# I'm curious...



## Lewi (Sep 28, 2009)

Do furry Conventions get public visitors? I honestly do not know because I've never been to one...


----------



## Internet Police Chief (Sep 28, 2009)

What do you mean "public" visitors? Anyone can attend a furry convention.


----------



## TamaraRose (Sep 28, 2009)

if you mean  are there normal  people  well the hotal  will likely have adlest a few normal  folks...  but the convention areas likely will be of limits


----------



## Lewi (Sep 30, 2009)

Baron Von Yiffington said:


> What do you mean "public" visitors? Anyone can attend a furry convention.

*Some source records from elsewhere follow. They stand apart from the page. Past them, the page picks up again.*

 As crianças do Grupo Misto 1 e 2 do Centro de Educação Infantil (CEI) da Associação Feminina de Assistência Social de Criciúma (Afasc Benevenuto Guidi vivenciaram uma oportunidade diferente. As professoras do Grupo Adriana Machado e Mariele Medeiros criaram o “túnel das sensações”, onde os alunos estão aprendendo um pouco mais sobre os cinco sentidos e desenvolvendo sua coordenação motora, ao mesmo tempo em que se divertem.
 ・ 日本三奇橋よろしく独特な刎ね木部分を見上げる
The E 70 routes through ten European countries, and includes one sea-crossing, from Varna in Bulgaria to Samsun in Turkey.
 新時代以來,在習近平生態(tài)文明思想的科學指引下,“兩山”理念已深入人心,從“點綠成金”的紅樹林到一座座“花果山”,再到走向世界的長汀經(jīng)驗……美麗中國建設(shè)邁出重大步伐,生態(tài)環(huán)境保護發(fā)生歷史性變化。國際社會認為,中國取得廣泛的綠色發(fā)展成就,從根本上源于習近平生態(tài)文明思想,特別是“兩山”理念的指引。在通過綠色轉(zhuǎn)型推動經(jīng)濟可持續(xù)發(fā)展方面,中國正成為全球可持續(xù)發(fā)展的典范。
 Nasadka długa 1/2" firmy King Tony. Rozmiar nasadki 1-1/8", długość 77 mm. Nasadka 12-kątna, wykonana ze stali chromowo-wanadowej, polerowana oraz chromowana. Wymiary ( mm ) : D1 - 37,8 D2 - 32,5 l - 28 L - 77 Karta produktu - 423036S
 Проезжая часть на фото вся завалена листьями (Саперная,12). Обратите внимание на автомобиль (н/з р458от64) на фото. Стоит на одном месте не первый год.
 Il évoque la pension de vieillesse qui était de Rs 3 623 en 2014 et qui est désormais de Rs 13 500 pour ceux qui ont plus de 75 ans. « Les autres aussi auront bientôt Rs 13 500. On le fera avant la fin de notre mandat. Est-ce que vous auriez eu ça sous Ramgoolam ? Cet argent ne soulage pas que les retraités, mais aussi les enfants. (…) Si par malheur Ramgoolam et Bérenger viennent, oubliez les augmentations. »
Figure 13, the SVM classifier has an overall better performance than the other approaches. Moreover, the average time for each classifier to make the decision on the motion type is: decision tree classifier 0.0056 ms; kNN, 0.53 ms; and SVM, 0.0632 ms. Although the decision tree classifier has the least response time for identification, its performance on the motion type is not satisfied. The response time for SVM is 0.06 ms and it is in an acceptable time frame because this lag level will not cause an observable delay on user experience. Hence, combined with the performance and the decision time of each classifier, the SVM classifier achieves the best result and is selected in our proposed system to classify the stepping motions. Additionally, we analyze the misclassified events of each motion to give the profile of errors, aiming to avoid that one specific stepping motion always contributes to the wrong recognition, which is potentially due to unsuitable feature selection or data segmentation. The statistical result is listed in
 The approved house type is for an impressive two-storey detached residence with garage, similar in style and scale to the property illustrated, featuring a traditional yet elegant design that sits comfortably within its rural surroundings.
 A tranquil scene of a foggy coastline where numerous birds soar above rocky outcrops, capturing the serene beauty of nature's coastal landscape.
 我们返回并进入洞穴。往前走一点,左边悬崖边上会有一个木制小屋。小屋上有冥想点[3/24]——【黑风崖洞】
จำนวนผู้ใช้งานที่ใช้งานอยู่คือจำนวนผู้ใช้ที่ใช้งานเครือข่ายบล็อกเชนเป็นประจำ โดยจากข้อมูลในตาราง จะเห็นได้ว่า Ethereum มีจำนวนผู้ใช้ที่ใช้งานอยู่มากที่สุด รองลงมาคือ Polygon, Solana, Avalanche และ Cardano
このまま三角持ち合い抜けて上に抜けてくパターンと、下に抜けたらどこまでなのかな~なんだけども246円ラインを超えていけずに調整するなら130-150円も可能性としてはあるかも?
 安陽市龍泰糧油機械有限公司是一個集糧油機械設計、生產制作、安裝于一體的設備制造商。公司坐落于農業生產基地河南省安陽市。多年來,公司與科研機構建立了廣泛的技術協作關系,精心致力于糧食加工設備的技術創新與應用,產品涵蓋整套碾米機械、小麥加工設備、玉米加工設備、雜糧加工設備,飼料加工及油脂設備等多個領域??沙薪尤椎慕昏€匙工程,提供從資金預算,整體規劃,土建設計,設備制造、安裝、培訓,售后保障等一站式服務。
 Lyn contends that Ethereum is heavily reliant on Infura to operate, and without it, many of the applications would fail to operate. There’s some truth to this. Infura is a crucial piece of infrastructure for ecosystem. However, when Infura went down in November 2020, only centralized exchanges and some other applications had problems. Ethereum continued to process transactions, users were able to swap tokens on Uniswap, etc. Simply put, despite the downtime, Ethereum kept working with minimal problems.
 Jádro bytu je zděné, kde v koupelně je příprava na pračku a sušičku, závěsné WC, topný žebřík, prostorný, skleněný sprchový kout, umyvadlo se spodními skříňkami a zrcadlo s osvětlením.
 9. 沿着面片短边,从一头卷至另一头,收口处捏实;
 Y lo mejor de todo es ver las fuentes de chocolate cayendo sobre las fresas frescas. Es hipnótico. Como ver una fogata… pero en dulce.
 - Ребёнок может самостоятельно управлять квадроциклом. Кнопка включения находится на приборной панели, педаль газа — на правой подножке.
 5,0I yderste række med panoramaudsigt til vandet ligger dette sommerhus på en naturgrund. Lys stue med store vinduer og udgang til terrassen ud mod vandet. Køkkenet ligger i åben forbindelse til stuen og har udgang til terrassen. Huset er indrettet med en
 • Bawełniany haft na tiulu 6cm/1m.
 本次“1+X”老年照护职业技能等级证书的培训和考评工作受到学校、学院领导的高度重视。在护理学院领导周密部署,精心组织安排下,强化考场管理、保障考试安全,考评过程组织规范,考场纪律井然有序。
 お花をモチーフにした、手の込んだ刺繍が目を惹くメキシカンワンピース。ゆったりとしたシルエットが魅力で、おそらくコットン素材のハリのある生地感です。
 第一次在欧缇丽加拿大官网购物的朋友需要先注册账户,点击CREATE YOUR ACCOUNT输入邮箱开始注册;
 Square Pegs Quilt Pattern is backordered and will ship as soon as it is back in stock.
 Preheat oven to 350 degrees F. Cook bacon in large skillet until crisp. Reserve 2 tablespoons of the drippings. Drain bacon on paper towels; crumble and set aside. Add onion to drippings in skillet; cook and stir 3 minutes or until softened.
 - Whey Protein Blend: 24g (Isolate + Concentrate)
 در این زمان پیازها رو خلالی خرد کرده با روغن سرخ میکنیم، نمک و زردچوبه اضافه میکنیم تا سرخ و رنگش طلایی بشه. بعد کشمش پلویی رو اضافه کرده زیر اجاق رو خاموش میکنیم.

  I mean people who are not furries, but just visiting.


----------



## Istanbul (Oct 1, 2009)

Sure, that happens. That said, no one - furry or otherwise - can generally access convention events and convention space without paying for registration. If you pay to get in, I don't care if you're a furry, a trekkie, a Dr. Who fan, or a Gregorian monk (okay, that last one would be pretty sweet), you're golden.


----------



## RedclawTheOtter (Oct 1, 2009)

I've yet to be to a furry convention that has the entire hotel completely taken over.  Usually there are still ordinary guests in the hotel who can't enter the convention event rooms, but still see the furries/fursuits out and about in the common areas.  One Califur convention actually shared the hotel with a high school prom on the same night.


----------



## kiwi (Oct 14, 2009)

ima going to a fur meet in london tonightyy... and ive never beeen
am so nervouss.. what if they don like mee :O eep!
*hides behind ears*


----------



## CannonFodder (Oct 14, 2009)

RedclawTheOtter said:


> I've yet to be to a furry convention that has the entire hotel completely taken over.  Usually there are still ordinary guests in the hotel who can't enter the convention event rooms, but still see the furries/fursuits out and about in the common areas.  One Califur convention actually shared the hotel with a high school prom on the same night.


I saw the videos of that, the prom people were actually excited about it.


----------



## kiwi (Oct 14, 2009)

i meant saturday nightyyy xO


----------



## shadowulf (Oct 14, 2009)

yes the public do sometimes come into teh conventions simply for the hotels tho not the con


----------